→ Information shown:

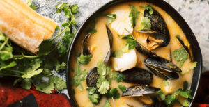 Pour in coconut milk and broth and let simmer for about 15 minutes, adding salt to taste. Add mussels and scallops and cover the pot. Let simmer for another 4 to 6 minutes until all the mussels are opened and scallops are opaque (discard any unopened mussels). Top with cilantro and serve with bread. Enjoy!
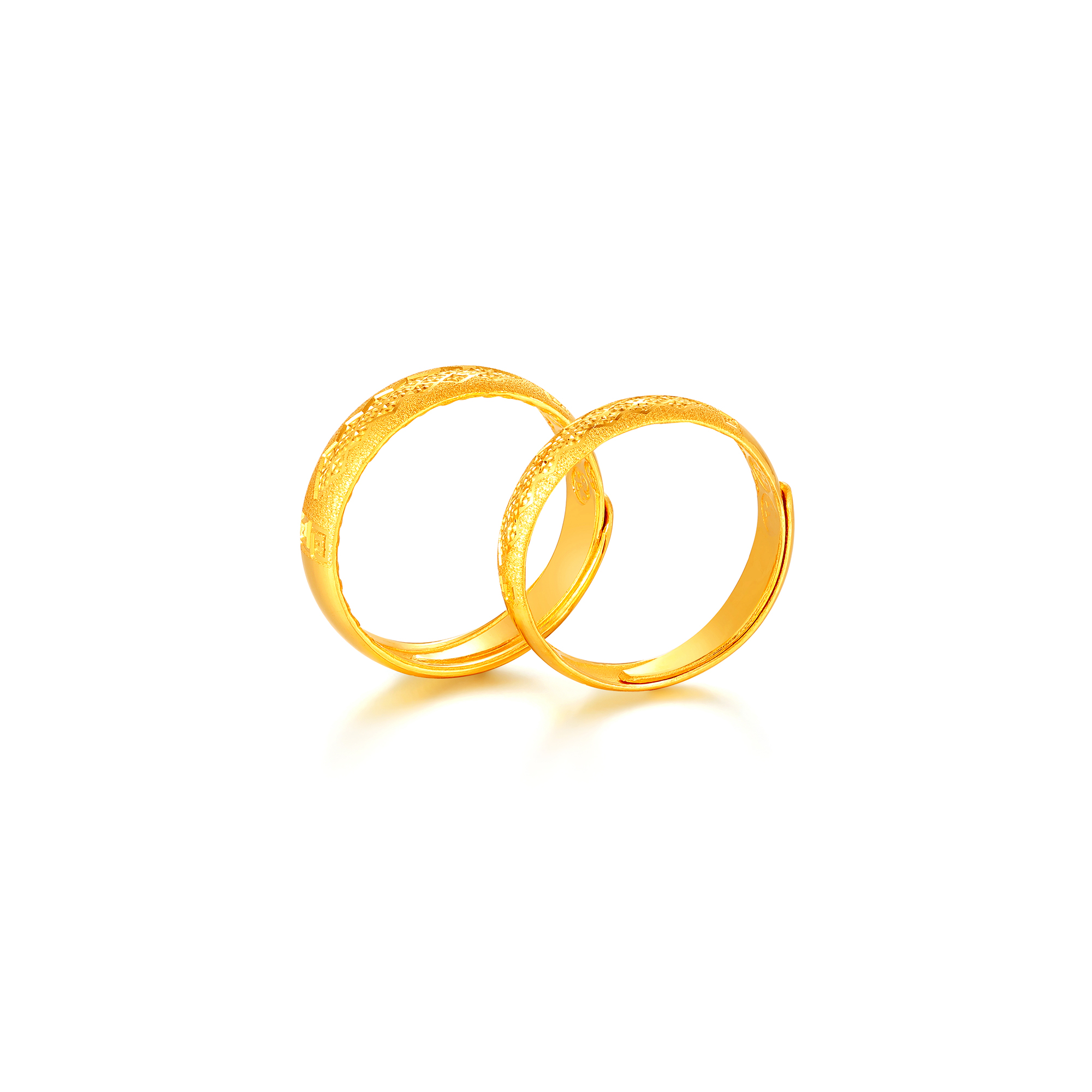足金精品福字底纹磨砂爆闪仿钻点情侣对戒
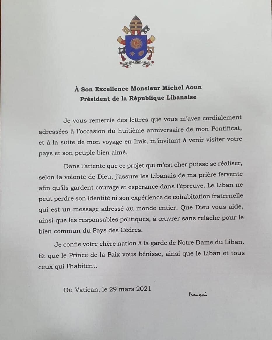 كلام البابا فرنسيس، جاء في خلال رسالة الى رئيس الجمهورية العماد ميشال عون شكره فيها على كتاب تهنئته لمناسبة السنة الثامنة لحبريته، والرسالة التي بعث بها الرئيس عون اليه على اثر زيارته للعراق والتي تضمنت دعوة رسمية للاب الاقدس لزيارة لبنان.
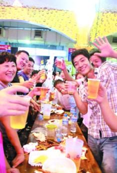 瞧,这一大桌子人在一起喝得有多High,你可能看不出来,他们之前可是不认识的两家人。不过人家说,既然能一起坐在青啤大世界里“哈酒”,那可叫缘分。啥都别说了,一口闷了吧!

→ Task to carry out: The full listing, transcribed exactly and without its pictures, is the expected result.

→ Answer for the task:
 Pour in coconut milk and broth and let simmer for about 15 minutes, adding salt to taste. Add mussels and scallops and cover the pot. Let simmer for another 4 to 6 minutes until all the mussels are opened and scallops are opaque (discard any unopened mussels). Top with cilantro and serve with bread. Enjoy!
足金精品福字底纹磨砂爆闪仿钻点情侣对戒
 كلام البابا فرنسيس، جاء في خلال رسالة الى رئيس الجمهورية العماد ميشال عون شكره فيها على كتاب تهنئته لمناسبة السنة الثامنة لحبريته، والرسالة التي بعث بها الرئيس عون اليه على اثر زيارته للعراق والتي تضمنت دعوة رسمية للاب الاقدس لزيارة لبنان.
 瞧,这一大桌子人在一起喝得有多High,你可能看不出来,他们之前可是不认识的两家人。不过人家说,既然能一起坐在青啤大世界里“哈酒”,那可叫缘分。啥都别说了,一口闷了吧!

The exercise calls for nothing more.